EXERCISE OBJECTIVE: Exactly as they appear below, repeat the lines from the one with "Spiral Trampoline Stakes, Ground" through the one with "O Sensio ERP", and no others.

ENTRIES SHOWN:
<<<<

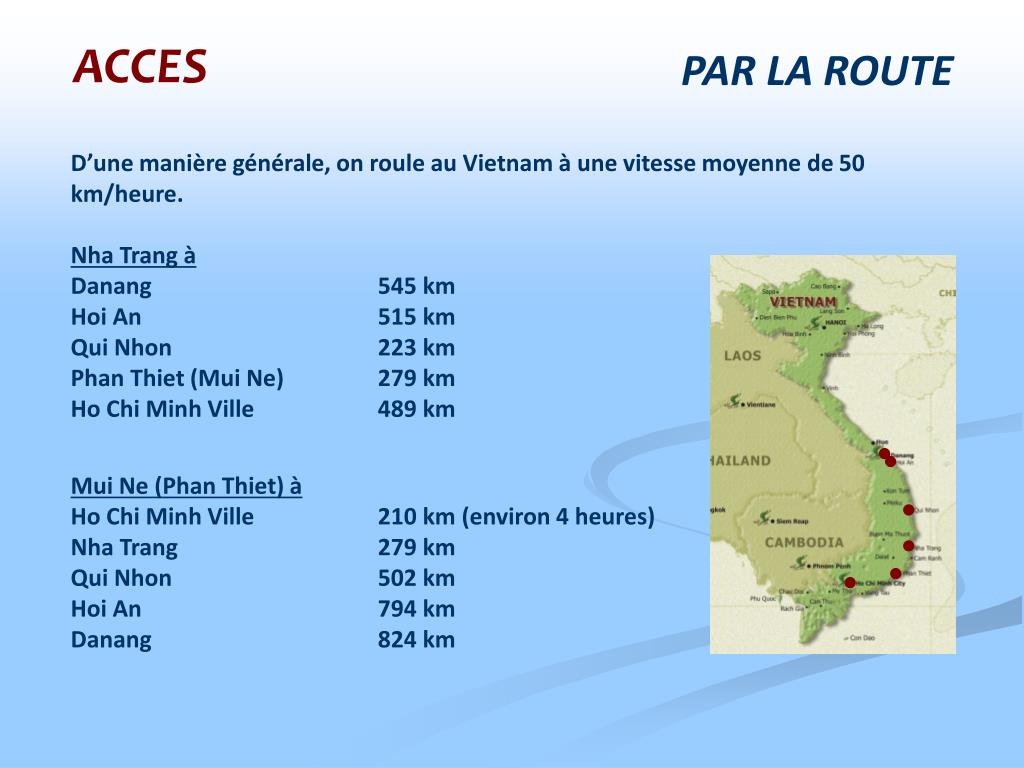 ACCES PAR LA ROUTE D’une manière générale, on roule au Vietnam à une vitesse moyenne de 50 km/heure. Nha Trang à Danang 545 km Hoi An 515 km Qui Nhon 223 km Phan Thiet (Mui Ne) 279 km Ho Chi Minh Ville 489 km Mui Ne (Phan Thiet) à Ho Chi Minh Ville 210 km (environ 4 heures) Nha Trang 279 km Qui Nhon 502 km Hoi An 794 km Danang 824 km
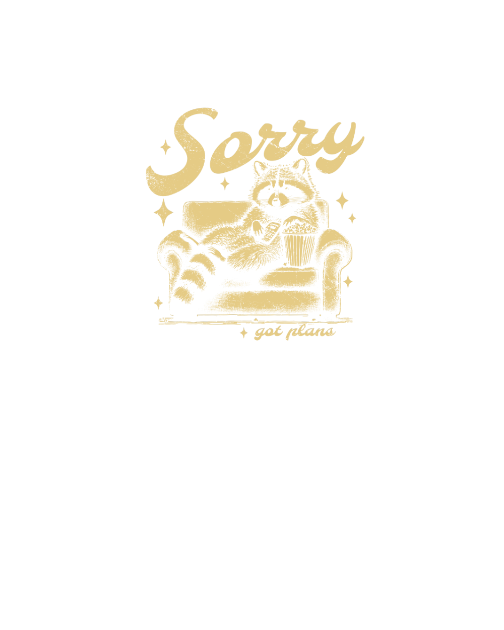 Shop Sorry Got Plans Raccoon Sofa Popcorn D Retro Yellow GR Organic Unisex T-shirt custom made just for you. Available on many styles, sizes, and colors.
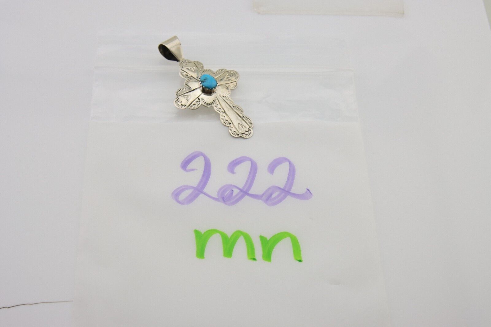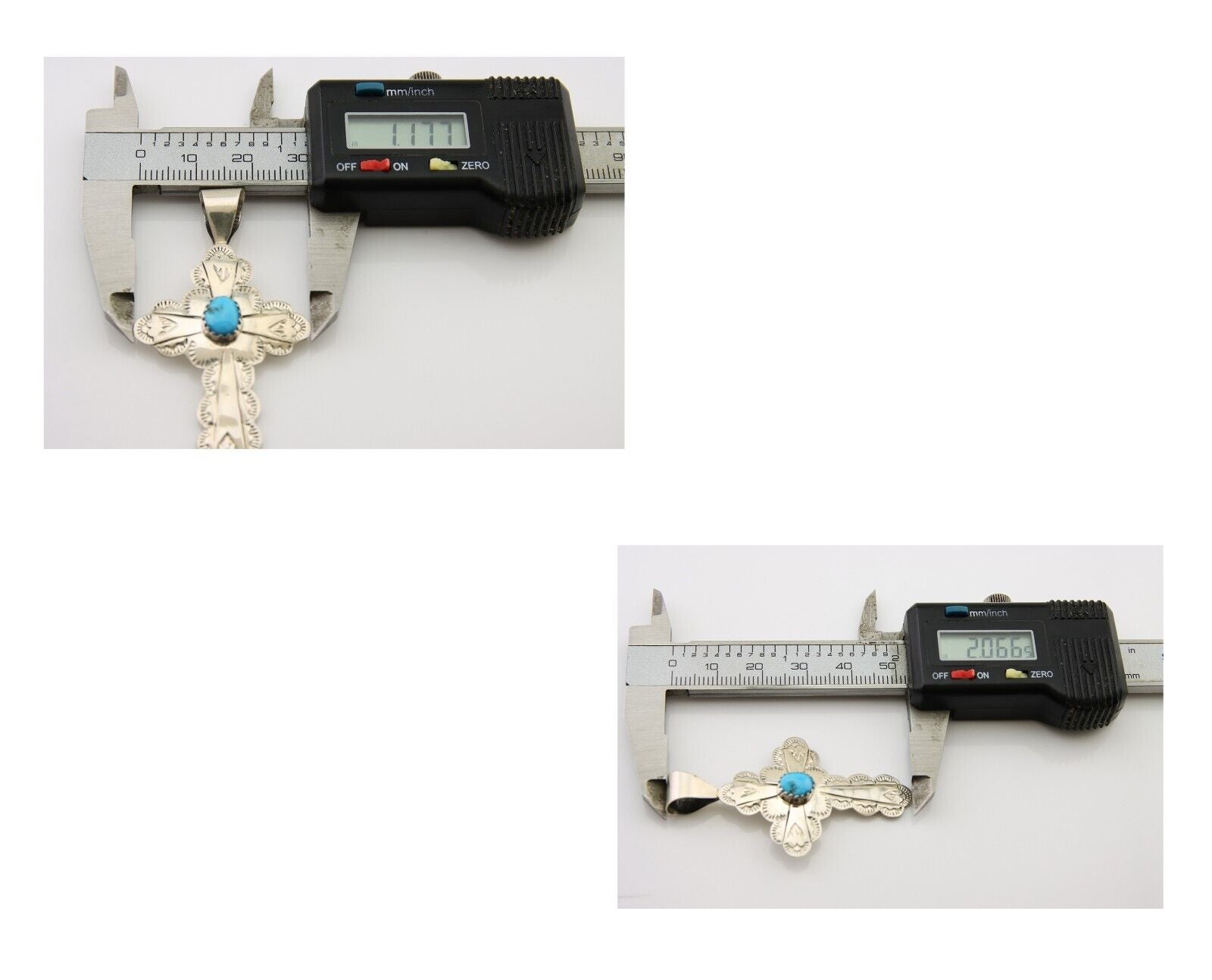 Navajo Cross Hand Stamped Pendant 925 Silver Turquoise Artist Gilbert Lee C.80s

>>>>
<<<<

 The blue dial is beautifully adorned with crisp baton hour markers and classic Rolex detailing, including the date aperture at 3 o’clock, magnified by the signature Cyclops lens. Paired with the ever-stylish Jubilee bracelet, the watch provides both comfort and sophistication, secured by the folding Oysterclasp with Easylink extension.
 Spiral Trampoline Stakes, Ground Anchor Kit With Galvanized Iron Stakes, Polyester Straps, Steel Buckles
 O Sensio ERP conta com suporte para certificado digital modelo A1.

>>>>

WRITTEN SOLUTION:
 Spiral Trampoline Stakes, Ground Anchor Kit With Galvanized Iron Stakes, Polyester Straps, Steel Buckles
 O Sensio ERP conta com suporte para certificado digital modelo A1.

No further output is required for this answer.